One target mark generation module, receive at least one voice unit sequence, and from this Numerical Simulation Module, take out corresponding these one or more numeric datas of each voice unit in this voice unit sequence, and be combined into according to this corresponding numeric distribution of this voice unit sequence; And

One critical value decision module is connected to this target mark generation module, in order to receiving this numeric distribution, and confirms effect and this numeric distribution according to expection words and phrases, and produce a suggestion critical value and export,

Wherein this Numerical Simulation Module comprises:

One voice unit is confirmed module, receives this speech data in this speech database, and calculates the corresponding one or more words and phrases of this voice unit and confirm mark, and offers this target mark generation module with the numeric data form.

14. the system of critical value confirmed in generation word as claimed in claim 13, comprise also that wherein a processing target turns the voice unit processing module, in order to the reception ﹠ disposal target, and transfer this processing target to this voice unit sequence and output to this target mark generation module.

15. the system of critical value confirmed in generation word as claimed in claim 13, wherein this target mark generation module with corresponding these the one or more numeric datas of each voice unit in this voice unit sequence, is combined into corresponding this numeric distribution of this voice unit sequence in the mode of linear combination.

16. the system of critical value confirmed in generation word as claimed in claim 13, wherein this critical value decision module is confirmed an initial conditions of effect according to these expection words and phrases, correspond to a respective value of this numeric distribution, then this respective value is then advised critical value for this that export.

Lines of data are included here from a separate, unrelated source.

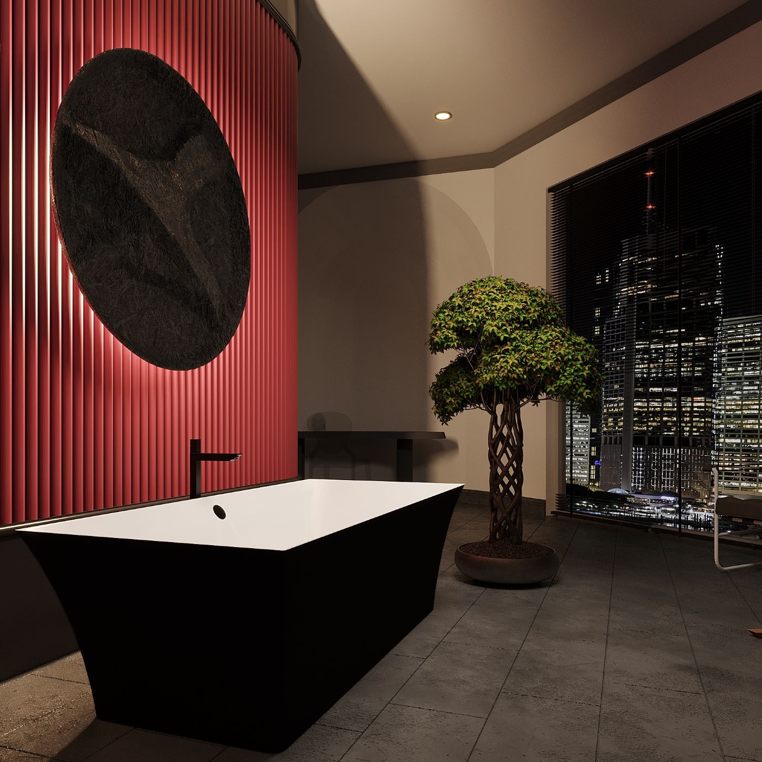 Ванна отдельностоящая черная Sparta из литого камня от TM Amidicon.
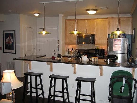 Landlord pays fee! Gorgeous South facing 2 bedroom/2 bath apt in an elevator building with parking available! This fourth floor apt gets amazing natural sunlight with high ceilings and brazilian hardwood floors throughout. Modern open kitchen boasts granite counters, stainless steel appliances, tons of cabinet space and breakfast bar. Spacious living room features floor to ceiling windows, juliet balcony, crown molding, and recessed lighting. Master suite bathroom is appointed with a double wide marble vanity and subway tiled shower, while the large walk in closet has custom built-ins throughout. Second bedroom is on the opposite side of the home and also features a good sized closets with custom shelving. Central air, and washer dryer in unit complete the home. Building has a fitness center (that is open!), common courtyard, and on-site garage. Located just steps from the 9th Street light rail, commuting to the city is a breeze! Great location close to the Monroe Arts Center, ShopRite, and a new park! Nice sized covered parking space avail for $250/mo. Available now!
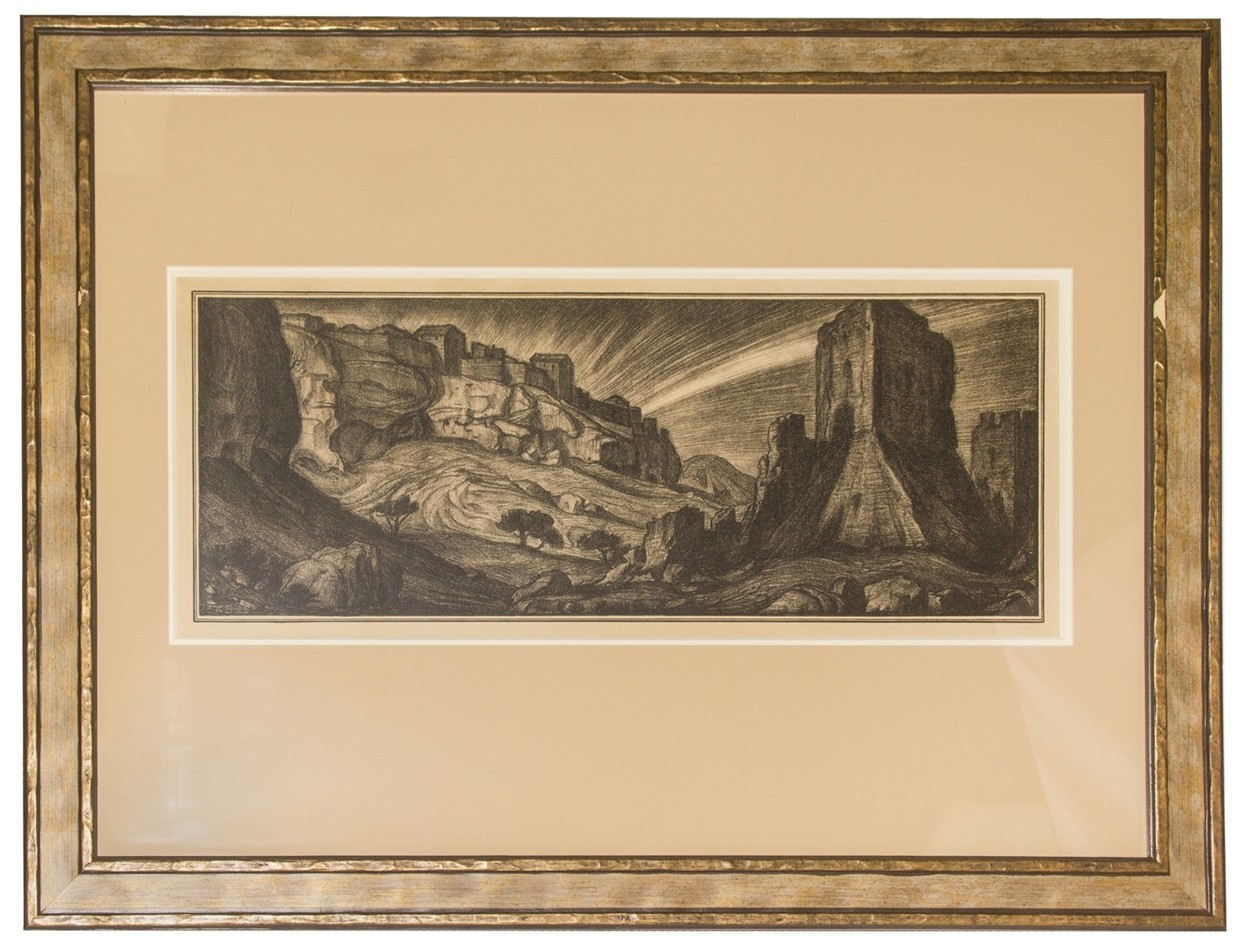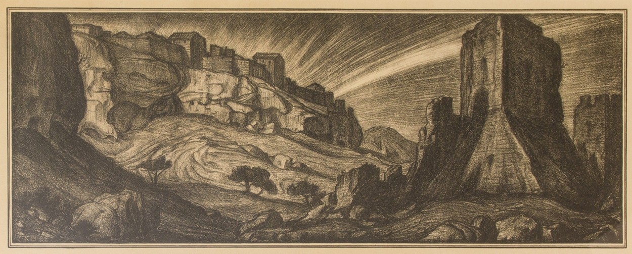 Богаевский, К.Ф. «Старый город» Лист №11 из альбома «Автолитографии. 20 рисунков, исполненных на камне автором». 1922. - 24х55 см

17. the system of critical value confirmed in generation word as claimed in claim 16, wherein these expection words and phrases confirm that an initial conditions of effect is false rejection rate.

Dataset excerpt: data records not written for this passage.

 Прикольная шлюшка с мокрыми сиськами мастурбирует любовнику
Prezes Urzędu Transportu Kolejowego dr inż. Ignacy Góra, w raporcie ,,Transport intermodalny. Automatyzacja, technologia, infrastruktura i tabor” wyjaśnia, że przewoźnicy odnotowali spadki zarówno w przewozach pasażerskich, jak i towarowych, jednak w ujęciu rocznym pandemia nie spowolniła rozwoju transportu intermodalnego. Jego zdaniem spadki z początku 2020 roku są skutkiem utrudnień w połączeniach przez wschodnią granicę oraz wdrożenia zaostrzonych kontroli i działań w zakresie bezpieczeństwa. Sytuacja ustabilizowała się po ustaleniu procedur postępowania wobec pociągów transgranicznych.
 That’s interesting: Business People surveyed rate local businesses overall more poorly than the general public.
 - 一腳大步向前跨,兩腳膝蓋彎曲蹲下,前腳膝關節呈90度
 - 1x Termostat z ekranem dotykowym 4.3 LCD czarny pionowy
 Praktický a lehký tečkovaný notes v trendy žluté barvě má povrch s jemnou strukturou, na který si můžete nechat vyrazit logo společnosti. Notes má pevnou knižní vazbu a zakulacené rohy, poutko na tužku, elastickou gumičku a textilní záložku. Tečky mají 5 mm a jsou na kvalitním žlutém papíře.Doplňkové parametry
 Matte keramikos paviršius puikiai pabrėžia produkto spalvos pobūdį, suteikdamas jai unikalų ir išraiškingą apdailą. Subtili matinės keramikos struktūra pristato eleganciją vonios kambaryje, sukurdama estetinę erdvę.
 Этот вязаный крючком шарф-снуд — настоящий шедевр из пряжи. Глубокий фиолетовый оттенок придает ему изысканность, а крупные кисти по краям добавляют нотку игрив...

18. the system of critical value confirmed in generation word as claimed in claim 13, wherein the form of these speech datas of storing of this speech database comprise sound source document or speech characteristic parameter one of them, or sound source document and speech characteristic parameter both.

19. a voice identification system comprises a kind of device that critical value confirmed in word that produces as claimed in claim 1, advise critical value in order to produce one, and allow according to this this voice identification system confirm, and the result is confirmed in output according to this.

20. voice identification system as claimed in claim 19 also comprises

One speech recognition device is in order to receive a voice signal;

One processing target storage unit is stored a plurality of processing targets, and wherein, this speech recognition device reads these processing targets, and judges according to this voice signal and these processing targets that read, and then exports an identification result; And

One word validator, in order to receiving this identification result and this suggestion critical value is confirmed, and the result is confirmed in output according to this.

21. system confirmed in a word, comprises a kind of device that critical value confirmed in word that produces as claimed in claim 1, advise critical value in order to produce one, and allow according to this this word affirmation system confirm, and the result confirmed in output according to this.

22. system confirmed in word as claimed in claim 21, also comprises

One processing target storage unit is stored a processing target; And

One word validator in order to receiving a voice signal, and reads this processing target, and after comparing according to this voice signal and this processing target that reads, confirms with this suggestion critical value, and according to this output affirmation result.